§ Source data
◇ ◇ ◇ ◇ ◇ ◇ ◇

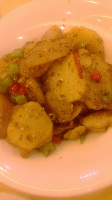 九头鸟酒家的珍珠丸子确实很好吃,外面的糯米裹的很实的,吃起来爽脆的很了,里面是有点不知道是马蹄粒还萝卜粒的说了,肉馅是够爽脆的了。热干面我也是经常吃的,这个的面条是挺细滑的,不过确实很干,基本上水分就等于油分来的了。
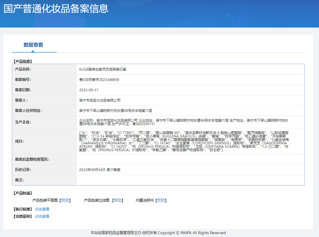 非特化妆品备案证号 粤G妆网备字2023348858
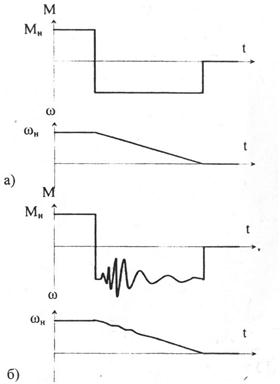 Рис.10 Графики изменения момента и угловой частоты от времени: а – при рекуперативном торможении; б – при смешанном торможении
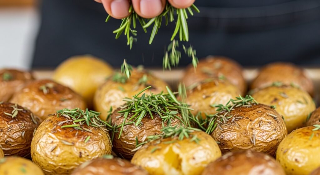 During the last few minutes, sprinkle fresh rosemary or thyme on the potatoes and add a traditional Italian aroma to the potatoes that adds flavor and appearance.

◇ ◇ ◇ ◇ ◇ ◇ ◇

Your response must consist of the material above, reproduced word for word, with the images omitted.

§ Task result
 九头鸟酒家的珍珠丸子确实很好吃,外面的糯米裹的很实的,吃起来爽脆的很了,里面是有点不知道是马蹄粒还萝卜粒的说了,肉馅是够爽脆的了。热干面我也是经常吃的,这个的面条是挺细滑的,不过确实很干,基本上水分就等于油分来的了。
 非特化妆品备案证号 粤G妆网备字2023348858
 Рис.10 Графики изменения момента и угловой частоты от времени: а – при рекуперативном торможении; б – при смешанном торможении
 During the last few minutes, sprinkle fresh rosemary or thyme on the potatoes and add a traditional Italian aroma to the potatoes that adds flavor and appearance.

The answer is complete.